RELAY trial is global, multicenter, randomized, double-blind, placebo-controlled, Phase III study in which 449 patients with previously untreated metastatic NSCLC, who harbored either an EGFR exon 19 deletion or exon 21 L858R substitution mutation, were enrolled. Patients were randomized 1:1 to receive TARCEVA® 150 mg orally daily in combination with either CYRAMZA® 10 mg/kg IV (N=224) or placebo (N=225), every 2 weeks. Treatment was continued until disease progression or unacceptable toxicity. Both treatment groups were well balanced. Patients had an ECOG performance status of 0-1, median age was 64 years, and about 60% of patients were never smokers. Those with a known EGFR T790M mutation, received prior treatment with an EGFR TKI or chemotherapy, or had brain metastases, were ineligible for study enrollment. Patients were stratified by sex, EGFR mutation type, and EGFR testing methodology.
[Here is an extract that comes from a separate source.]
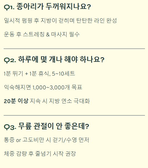 Q1. 줄넘기하면 종아리가 두꺼워지나요? 많은 여성분들이 걱정하는 부분입니다. 운동 직후에는 근육이 펌핑되어 일시적으로 커 보일 수 있지만, 꾸준히 하면 지방이 걷히면서 오히려 다리 라인이 탄탄하고 매끈해집니다. 운동 후 종아리 스트레칭과 마사지를 꼼꼼히 해주시면 예쁜 라인을 만드는 데 도움이 됩니다.
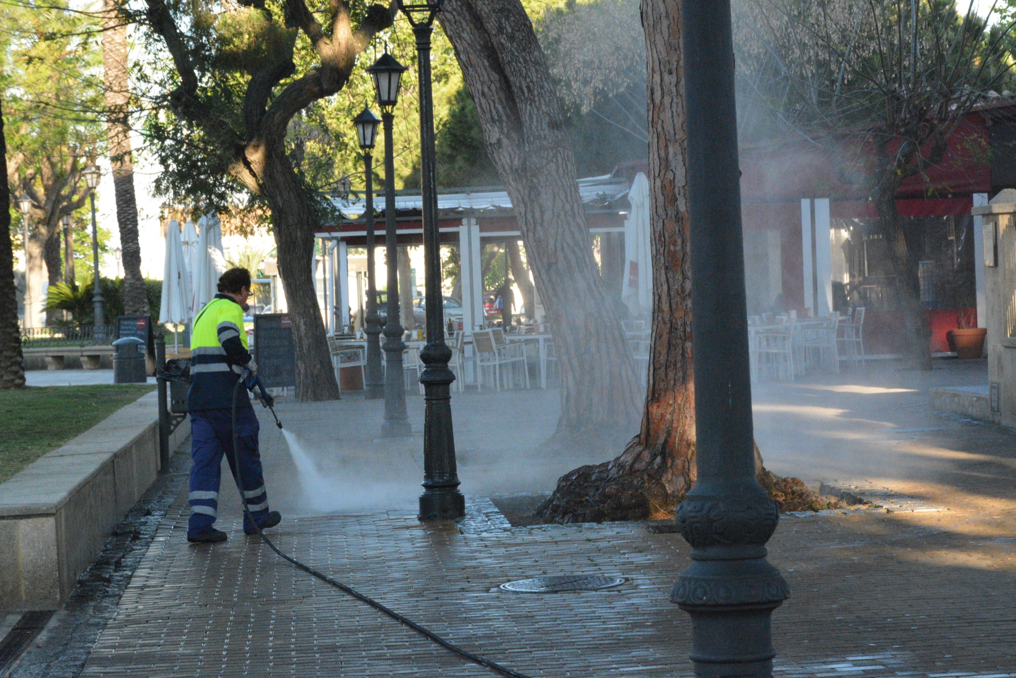 Paralelamente, en la Alameda Alfonso XI, en el Casco, se ha realizado una limpieza con cubas con agua a presión por todo el perímetro del parque infantil y por los distintos establecimientos hosteleros de dicha zona.

The Primary end point was Progression Free Survival (PFS). Secondary end points included Overall Survival (OS), Overall Response Rate (ORR) and Duration of Response (DOR).
At a median follow up of 20.7 months, the median PFS was 19.4 months in the CYRAMZA® plus TARCEVA® group compared with 12.4 months in the placebo plus TARCEVA® group (HR= 0.59; P<0.0001). This PFS benefit was observed across several patient subgroups, and was consistent across Exon 19 and Exon 21 subgroups. Unlike in the FLAURA trial, in the RELAY trial, the PFS in patients with exon 21 mutation was comparable to patients with exon 19 deletions. The PFS for these patients with exon 21 mutation was 19.4 months. Further, the addition of CYRAMZA® to TARCEVA® did not increase the incidence of EGFR T790M mutation. The ORR was 76% in the CYRAMZA® plus TARCEVA® group and 75% in the placebo plus TARCEVA® group, with median DoR of 18.0 months and 11.1 months, respectively. At the time of the final analysis of PFS, the OS data were not mature. The most common adverse reactions in the CYRAMZA® plus TARCEVA® group were infections, hypertension, stomatitis, proteinuria, alopecia, epistaxis, and peripheral edema. The most common laboratory abnormalities were increased ALT and AST as well as cytopenias.
It was concluded that CYRAMZA® plus TARCEVA® demonstrated superior PFS, compared with placebo plus TARCEVA®, in treatment naïve patients with EGFR-mutated metastatic NSCLC. Inhibiting the VEGFR and EGFR pathways together, is an important milestone in the treatment of EGFR-mutated NSCLC, with outcomes comparable to that with third generation TKIs, and furthermore, providing these patients an additional treatment option with TAGRISSO® upon progression.
Ramucirumab plus Erlotinib in Patients with Untreated, EGFR-mutated, Advanced Non-Small-Cell Lung Cancer (RELAY): A Randomised, Double-blind, Placebo-Controlled, Phase 3 trial. Nakagawa K, Garon EB, Seto T, et al. Lancet Oncol. 2019;20:1655-1669.